Begin at the line below that holds "The dark feed should" and end at the line that holds "2.点击【磁盘驱动器】,右键选中U盘设备,并点击【属性】窗口。", transcribing each line exactly and skipping any picture.

Data records:
● ● ● ● ● ● ●
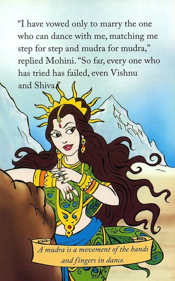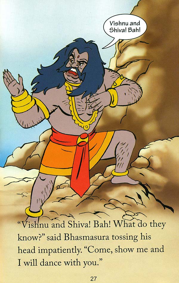 Bhasmasura, the demon, has Shiva in a fix. The good-natured god has granted him a boom that any person whom he touched on the head will turn to ash. And now the evil Bhasmasura wants to test the boon on Shiva’s head. As Shiva runs for his life, his good friend Vishnu decides to step in and help
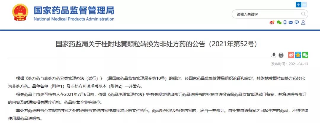 國(guó)家藥監(jiān)局關(guān)于桂附地黃顆粒轉(zhuǎn)換為非處方藥的公告(2021年第52號(hào))
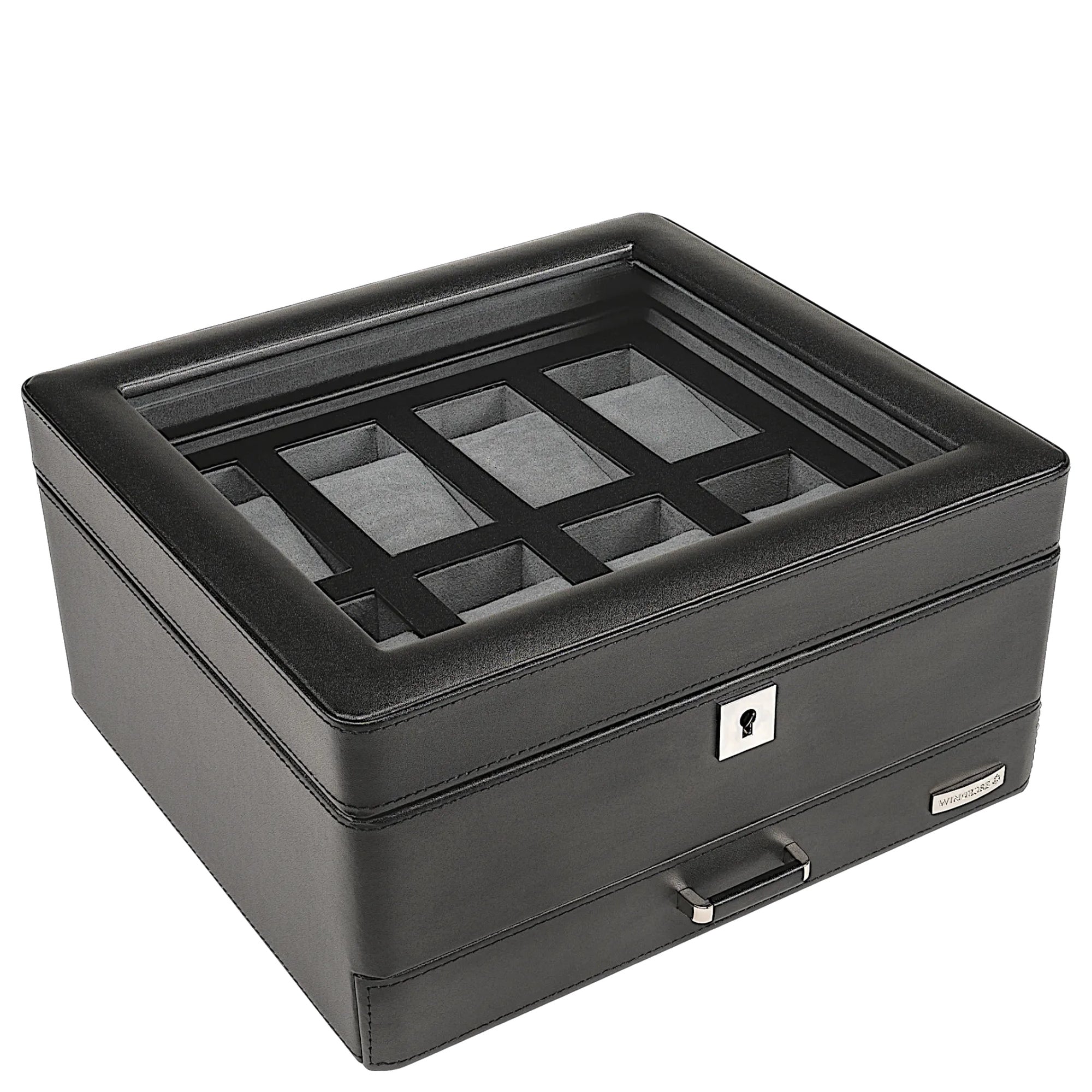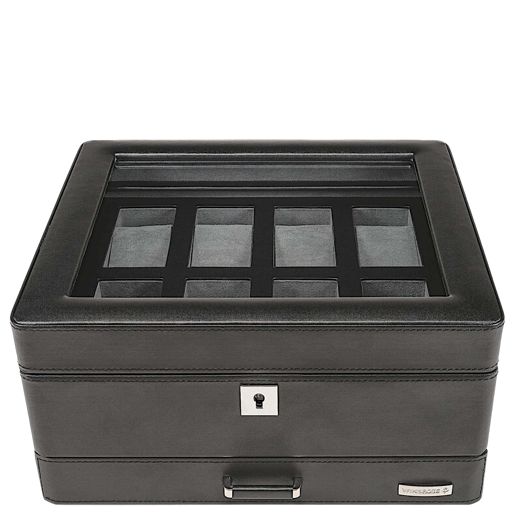 Die Windrose Tempora Uhrenbox in elegantem Schwarz bietet eine sichere und stilvolle Aufbewahrung für bis zu 8 Uhren. Das funktionale Design kombiniert hochwertige Verarbeitung mit praktischen Details für Uhrenliebhaber.
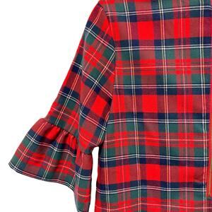 Features: Red, Greenwich Tartan Plaid, Elbow Length Sleeves, Polyester Blend, Zip Back, Split Neck
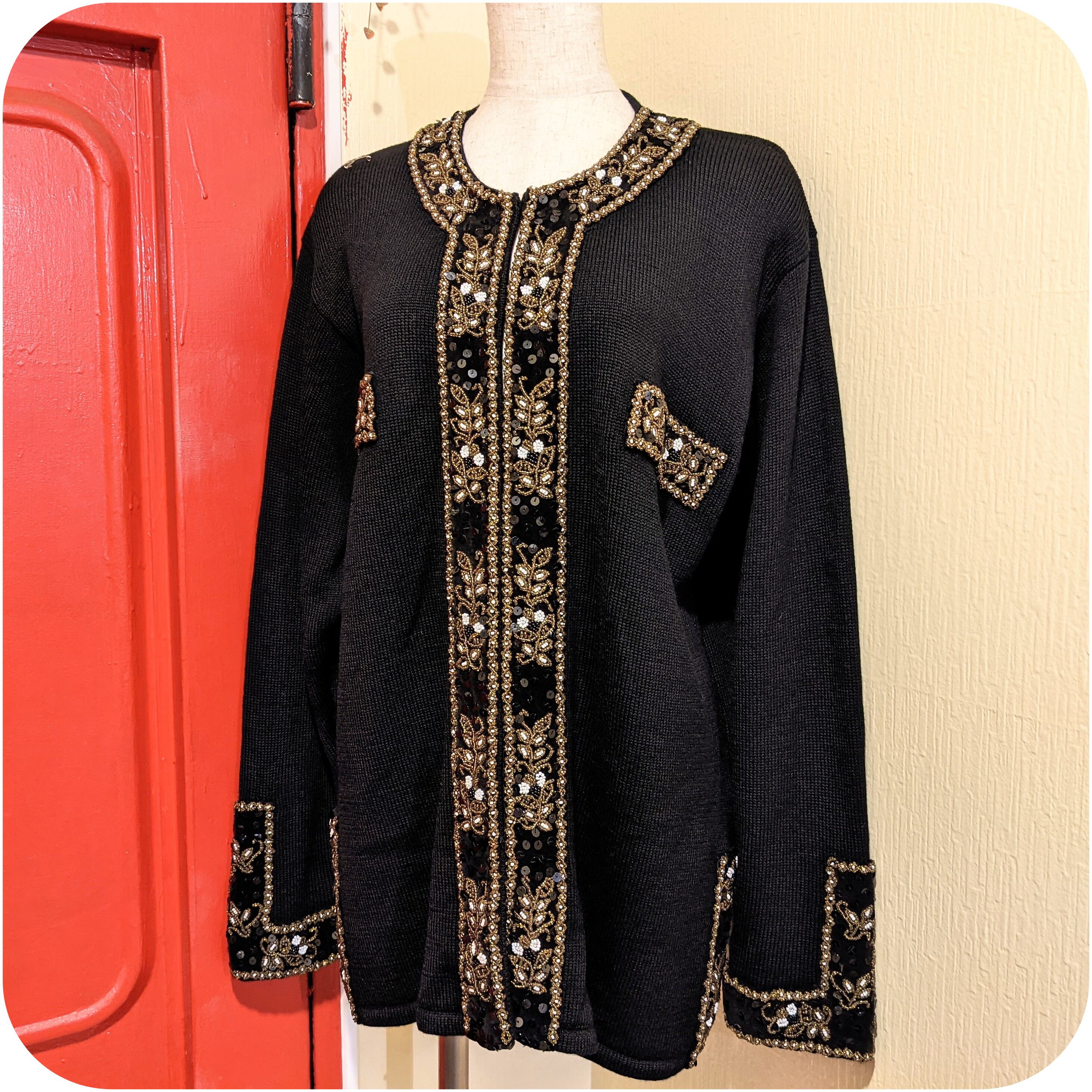 エレガントなビジュー刺繍のロングニットカーディガンです。
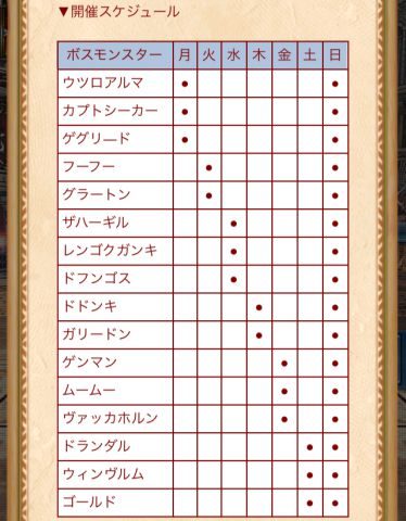 【ドラプロ】曜日クエストのモンスター、ドロップ素材、報酬のまとめ
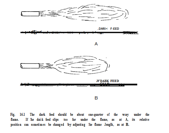 The dark feed should never be allowed to move further under the flame than one-half of toe flame length. When it becomes necessary to counter act the condition in which the feed has “slipped” too far under the flame, the operator can, if the means to do so are available, change the flame length to restore the dark feed position to the proper relation with the flame again. Fig. 16.1 shows how this is accomplished. Figure A depicts a condition in which the dark feed has advanced too far under the flame. By increasing the primary air pressure and temperature, and if possible the secondary air temperature, the flame will be shortened as shown in Figure Note that the position of the dark feed has not changed, but the relation between feed and flame is in its proper perspective again because the flame is shorter. This shortening of the flame results in more heat being released in the critical area where it is most needed.
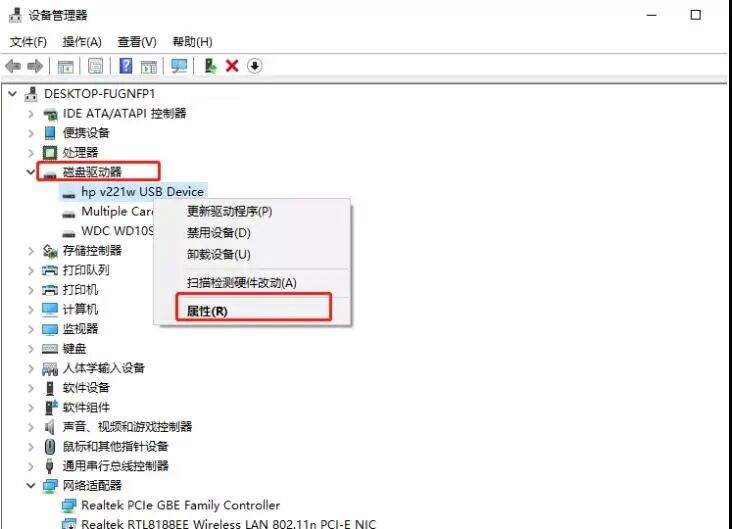2.点击【磁盘驱动器】,右键选中U盘设备,并点击【属性】窗口。
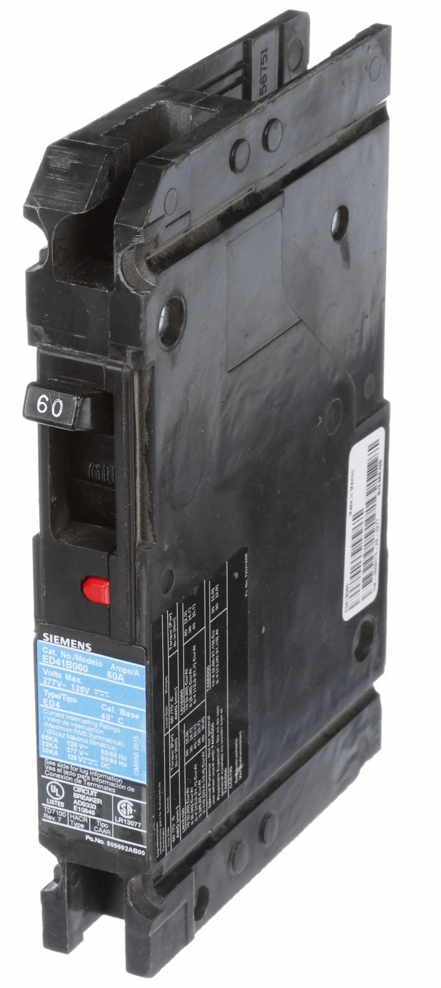 SIEMENS Molded Case Circuit Breaker 60 A Amps, 18kA at 480V AC, Fixed
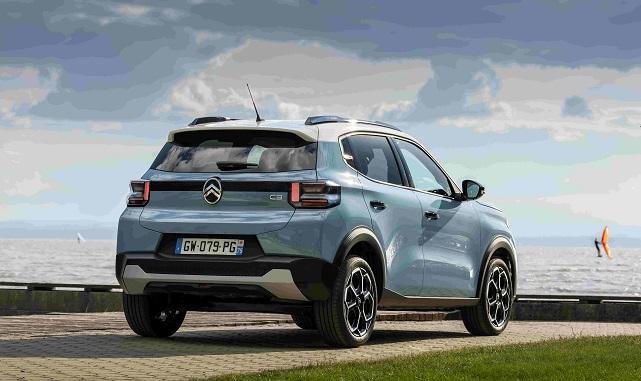 Aracın profilinde, teknik ve alttan kesik çizgiler, kemer hattı boyunca yeni imza aydınlatma kümelerine ve kapı panellerindeki ince kıvrımlara doğru akıyor. Bunların tümü ışığı yakalıyor ve görsel çekiciliği arttırıyor. İmza niteliğindeki kimlik, bagaj kapağının alt kısmındaki teknik çizgilerle arka tarafta da devam ediyor. Yukarıda, ön cephede kullanılan şeritteki deseni içeren ve büyük, merkezi yeni oval Citroën logosunun yanlarını dolduran yatay, parlak siyah dekoratif bir şerit yer alıyor. Yeni imzalı arka aydınlatmalar aracın köşelerine doğru uzanıyor ve ön farları yansıtan iki yatay ve bir dikey mercekten oluşuyor. Bagaj kapağın altında, aerodinamiğe yardımcı olmak ve otomobilin iddialı duruşunu daha da güçlendirmek üzere, köşeleri kaplayan gösterişli bir tampon yer alıyor. 17 inçlik elmas kesim alaşım jantlar güçlü duruşu destekliyor. Otomobil, 4,01 m uzunluğu ve 1,76 m genişliği ile kompakt bir ayak izine sahip.
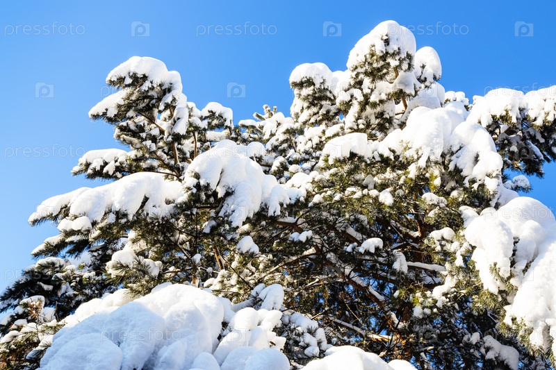 Заснеженные зеленые ветки сосны зимой
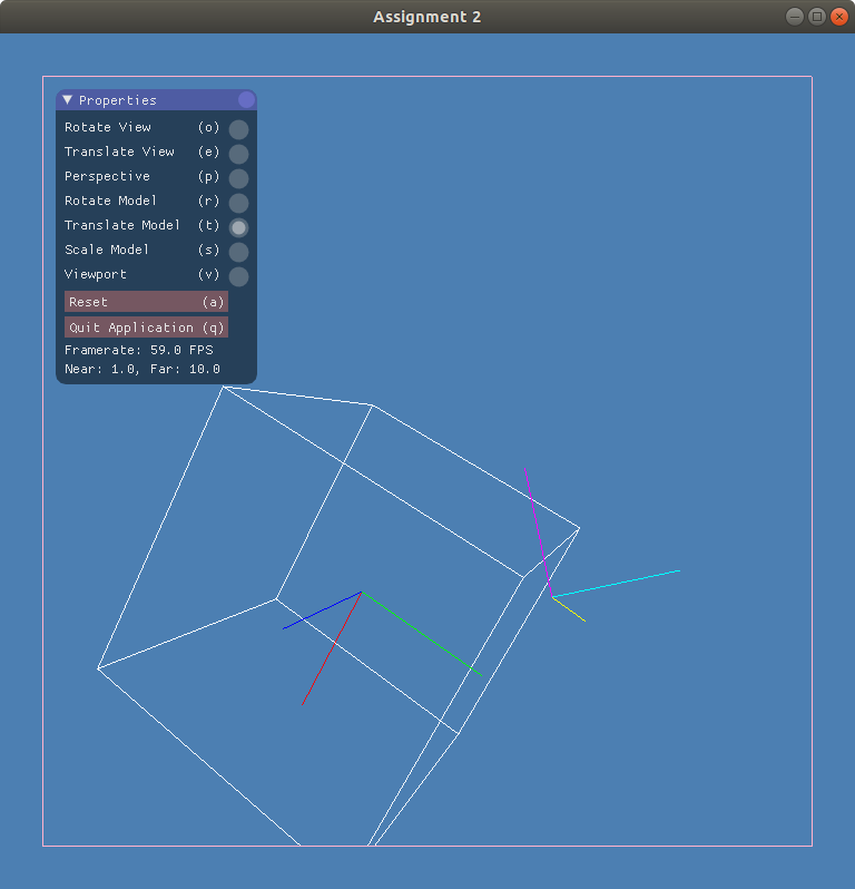 You should construct your cube using the eight vertices (±1, ±1, ±1). You must also draw two coordinate frames (sometimes called gnomons in this context). The first will represent the cube's local modelling coordinates; its origin is the cube's centre, and it will be subjected to every modelling, viewing and projection transformation applied to the cube, except for scaling. The second will represent world coordinates. These will be the same size as the modelling axes, but they will remain fixed at (0,0,0)—they will be subjected only to the viewing and projection transformations. Draw each gnomon so that its x, y, and z axes are visually distinct; the most obvious means of doing so is to draw them with different colours. (Though these coordinate frames are conceptually of unit length, you'll probably want to scale them when drawing them in order to ensure they're visible on screen.)
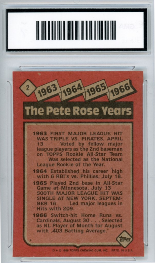 1986 Topps Pete Rose The Pete Rose Years Cincinnati Reds Baseball Card #2 – GMA Professional Graded 7 NM
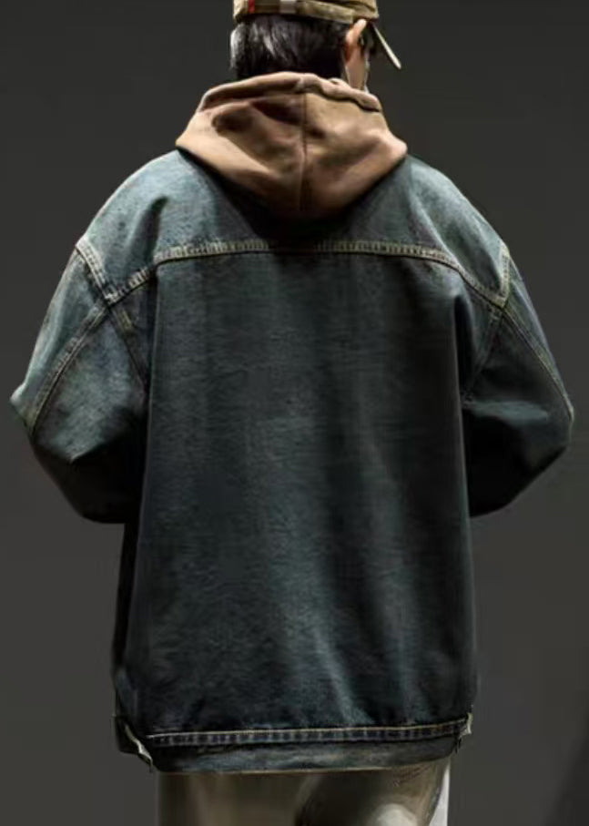 Experience the timeless allure of our Vintage Denim Blue Peter Pan Collar Button Pockets Mens Coats this Spring.
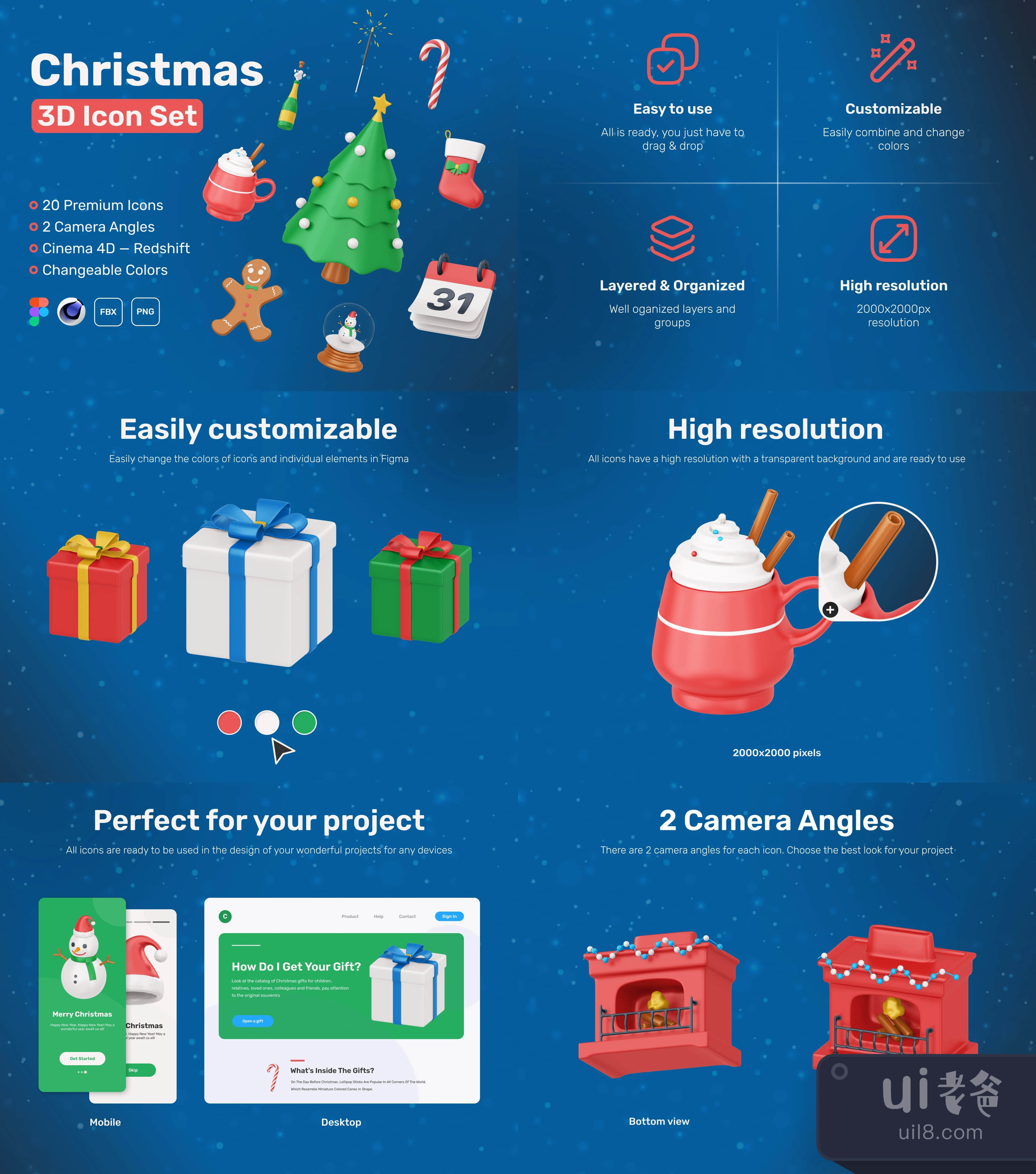 Christmas is a set of unique 3D icons suitable for any holiday project. With these icons, you can easily complement your unique product.
● ● ● ● ● ● ●
Response area:
 The dark feed should never be allowed to move further under the flame than one-half of toe flame length. When it becomes necessary to counter act the condition in which the feed has “slipped” too far under the flame, the operator can, if the means to do so are available, change the flame length to restore the dark feed position to the proper relation with the flame again. Fig. 16.1 shows how this is accomplished. Figure A depicts a condition in which the dark feed has advanced too far under the flame. By increasing the primary air pressure and temperature, and if possible the secondary air temperature, the flame will be shortened as shown in Figure Note that the position of the dark feed has not changed, but the relation between feed and flame is in its proper perspective again because the flame is shorter. This shortening of the flame results in more heat being released in the critical area where it is most needed.
2.点击【磁盘驱动器】,右键选中U盘设备,并点击【属性】窗口。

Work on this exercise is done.